Wall Street declined. In 12.44pm New York trading, the Dow Jones Industrial Average fell 0.3 per cent, while the Nasdaq Composite Index shed 0.5 per cent. In 12.28pm trading, the Standard & Poor's 500 Index declined 0.5 per cent.
Declines in shares of Caterpillar and those of DuPont, last down 3 per cent and 2.6 per cent respectively, led the drop in the Dow.
"We are still in the process where we're trying to find the bottom and I don't think we are there yet," Ralf Zimmermann, a strategist at Bankhaus Lampe in Dusseldorf, Germany, told Bloomberg. "There had been, with the recent rebound, some optimism that we were out of the woods.

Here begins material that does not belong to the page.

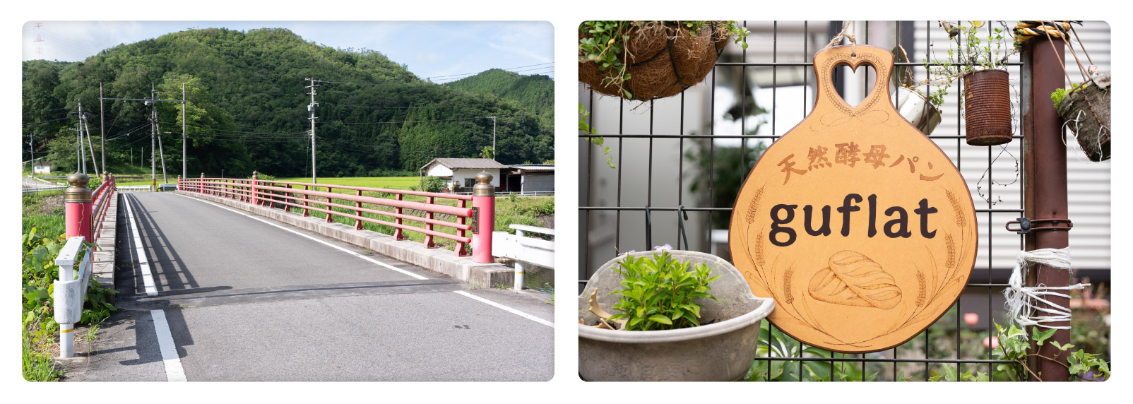 辻八幡神社の手前にある朱色の橋「宮平橋」にちなみ、宮を「gu」、平を「flat」と置き換えて命名しています。畑中さんご夫妻の仲のよさ、地域愛が感じられるエピソードです。

The Chinese trade data is a reminder that the path for the business cycle ahead is pretty rocky and bumpy."
In Europe, the Stoxx 600 Index finished the session with a 1 per cent decrease from the previous close, led by a drop in mining stocks. The UK's FTSE 100 Index, France's CAC 40 Index, and Germany's DAX Index all ended the day with a slide of 0.9 per cent from the previous close.
Oil prices also declined amid concern that an agreement about curtailing production between major producers might prove tough to negotiate. Kuwait said it would freeze output only if all major producers including Iran agreed to participate.
Meanwhile, Goldman Sachs warned the recent rally was unsustainable.
Rising oil prices "simply are not sustainable in the current environment", Reuters reported, citing the Goldman Sachs report.
The energy market "needs lower prices" to keep US shale producers from ramping up output, Goldman said in the report, according to Reuters. Otherwise, "an oil price rally will prove self-defeating, as it did last spring."